Recorded information:
:::
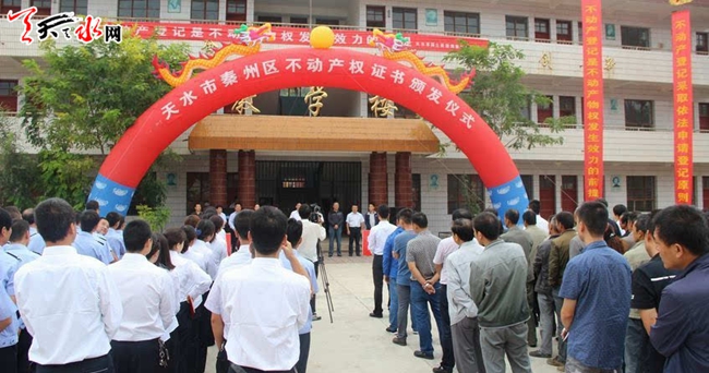 不动产统一登记工作是一项民生工程,涉及千家万户,事关群众切身利益。秦州区以更加便民高效的服务方式,更加科学规范的登记流程,更加阳光透明的操作规程,全力推进不动产统一登记工作扎实有序开展,依法保障不动产权利人的合法权益,服务全区经济社会发展。秦州区首批不动产权证书颁发仪式的举行,标志着该区结束了土地、房产、林地等不动产分散登记的历史,不动产登记工作进入全面明晰产权、有效保护权益、提高服务效率的崭新阶段。
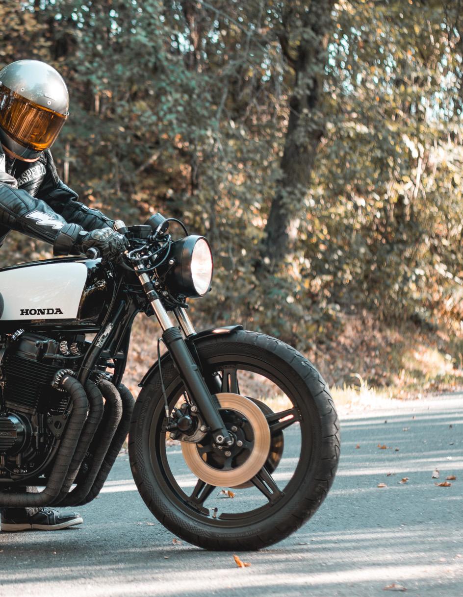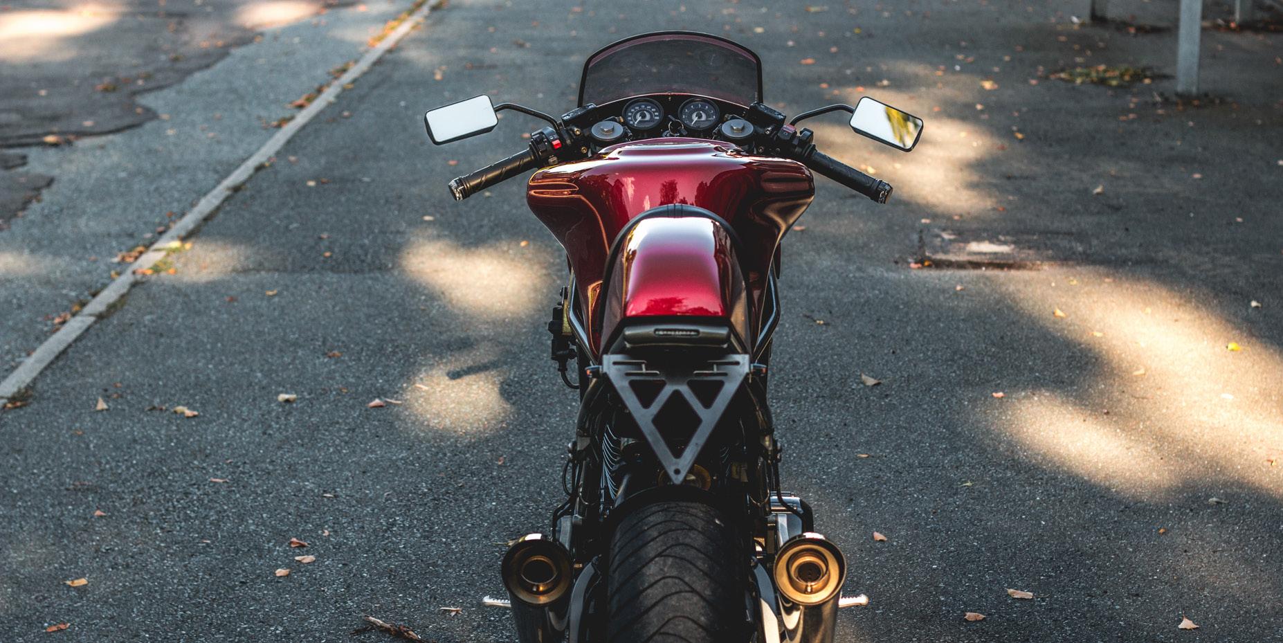 Customization is Café Racer’s trademark! You can always expect to see custom details in the paint, the modified parts and the amount of unusual metal work. Custom, retro-style leather jackets, custom vintage helmets, gloves and the REDUCTION to a minium is what defines a Café Racer and its riders!
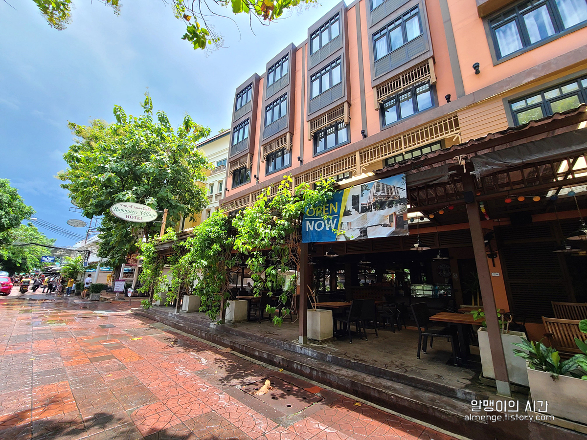 이 곳에서 유명한 숙소 람부뜨리 빌리지도 지나치고ㅎ 코시국 전엔 가성비 숙소이자 자유여행자 바이브를 느낄 수 있으면서도 조식이 잘 나오는 곳으로 유명해 인기 많은 곳이었는데 현재는 코시국 전 분위기가 아직 회복되지 않았다길래 예약하려다 포기한 곳
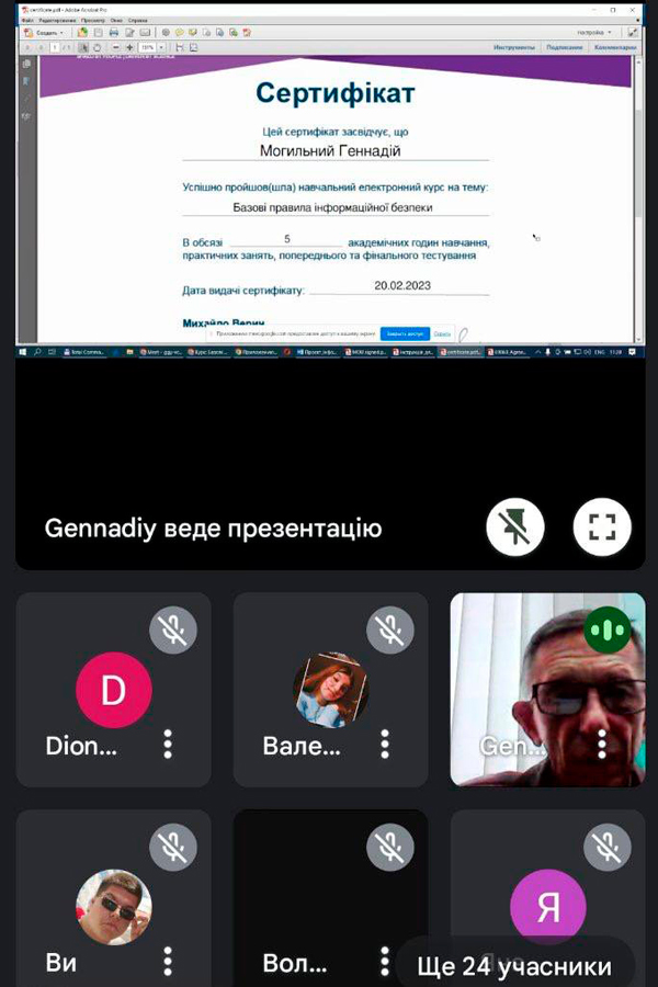 На зустрічі спікер зазначив, що основною метою курсу є підвищення рівня обізнаності здобувачів освіти щодо основних правил безпеки в цифровому середовищі, адже знання основ кібербезпеки та кібергігієни в сучасних умовах є актуальними для всіх учасників освітнього процесу, особливо в умовах воєнного стану.
:::
Exercise directions: Retype each line above exactly. Leave the images out.

Solution to this exercise:
 不动产统一登记工作是一项民生工程,涉及千家万户,事关群众切身利益。秦州区以更加便民高效的服务方式,更加科学规范的登记流程,更加阳光透明的操作规程,全力推进不动产统一登记工作扎实有序开展,依法保障不动产权利人的合法权益,服务全区经济社会发展。秦州区首批不动产权证书颁发仪式的举行,标志着该区结束了土地、房产、林地等不动产分散登记的历史,不动产登记工作进入全面明晰产权、有效保护权益、提高服务效率的崭新阶段。
 Customization is Café Racer’s trademark! You can always expect to see custom details in the paint, the modified parts and the amount of unusual metal work. Custom, retro-style leather jackets, custom vintage helmets, gloves and the REDUCTION to a minium is what defines a Café Racer and its riders!
 이 곳에서 유명한 숙소 람부뜨리 빌리지도 지나치고ㅎ 코시국 전엔 가성비 숙소이자 자유여행자 바이브를 느낄 수 있으면서도 조식이 잘 나오는 곳으로 유명해 인기 많은 곳이었는데 현재는 코시국 전 분위기가 아직 회복되지 않았다길래 예약하려다 포기한 곳
 На зустрічі спікер зазначив, що основною метою курсу є підвищення рівня обізнаності здобувачів освіти щодо основних правил безпеки в цифровому середовищі, адже знання основ кібербезпеки та кібергігієни в сучасних умовах є актуальними для всіх учасників освітнього процесу, особливо в умовах воєнного стану.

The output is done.